Experimental setup and Quantum Zeno Blockade

After the SHG, we switch to SFG between a CW pump and a CW signal wave to further optimize phase matching. It turns out that the strongest SFG occurs between two adjacent fundamental quasi-TE modes at 1536.790 nm and 1545.900 nm, respectively. For these CW lightwaves, however, the cavity resonances can thermally drift by as large as 0.1 nm, out of their respective resonance. In order to mitigate this thermal effect, we develop an optimization method for stabilizing the SFG, as detailed in Method section.

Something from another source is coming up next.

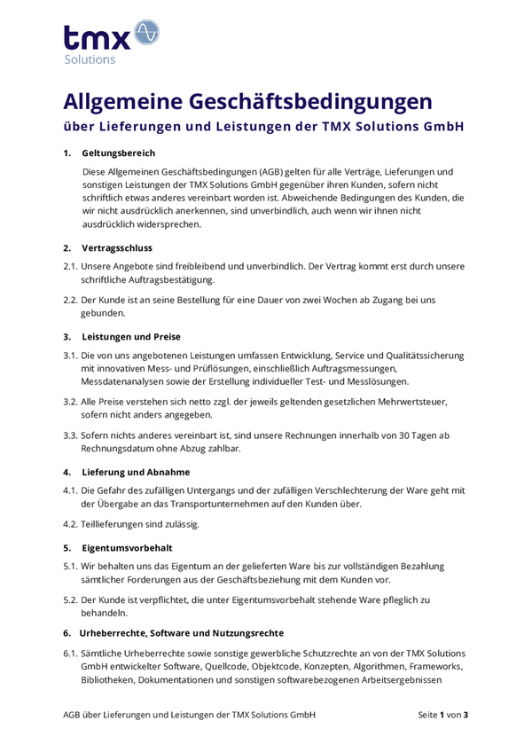Allgemeine Geschäftsbedingungen (AGB) der TMX Solutions GmbH
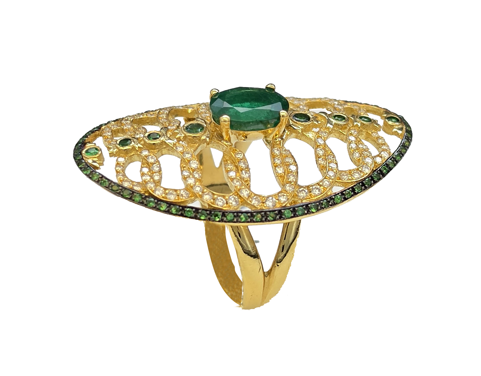 Εντυπωσιακό δαχτυλίδι από κίτρινο χρυσό σε οβάλ σχήμα, με ιδιαίτερη πλέξη που αναδεικνύει την καλλιτεχνική του λεπτομέρεια. Η σύνθεση κοσμείται από λαμπερά λευκά διαμάντια και ζωντανούς τσαβορίτες, δημιουργώντας μια εκλεπτυσμένη αντίθεση χρωμάτων και λάμψης. Στο κέντρο δεσπόζει ένα εντυπωσιακό σμαράγδι, που ολοκληρώνει το σχέδιο με δυναμισμό και πολυτέλεια. Ένα κόσμημα με σύγχρονη αισθητική και vintage χαρακτήρα, για εμφανίσεις με ξεχωριστή ταυτότητα.

Once efficient SFG is observed and thermally stabilized, we quickly swap in a quasi-CW signal and a pulsed pump at the same wavelengths, in order to obtain sufficient peak power for strong SFG while maintaining low average power to be around 250 μW for the thermal stability. The experimental setup is shown in Fig. 5. The pump is a 1-MHz pulse train with 250-ps full width at half maximum (FWHM), created by modulating a narrow-band CW laser using two consecutive electro-optical modulators (EOM’s). To achieve the high pump peak power (~1 W), the output of the first EOM is amplified in a two-stage EDFA system, and pulse-picked by the second EOM to further lower the repetition rate to reduce the pump average power. The quasi-CW signal is synchronized and temporally aligned with the pump but having much wider pulse width (about 10 ns FWHM). The resulting pump and signal beams then each pass through a fiber polarization controller, before being combined into the microdisk through a pair of cascaded coarse wavelength-division multiplexers (CWDMs).

Figure 5
Figure 5

Experimental setup with three synchronized optical channels. Channel 1 creates a pump pulse train with 1 MHz repetition rate and 250 ps FWHM. Channel 2 produces a quasi-CW signal with 1-MHz repetition rate and 10-ns FWHM. Channel 3 generates signal pulses with a 50 MHz repetition rate and 200 ps FWHM. TLS, multichannel narrow linewidth (<100 KHz) tunable laser system, PS, electrical pulse generation system, EOM, electro-optic modulator, FPC, fiber polarization controller, VOA, variable optical attenuator, AWG, arbitrary waveform generator, CWDM, coarse wavelength-division multiplexer, DWDM, dense wavelength-division multiplexer, TOD, tunable optical delay, OTF, optical tunable filter, SPD, single photon detector.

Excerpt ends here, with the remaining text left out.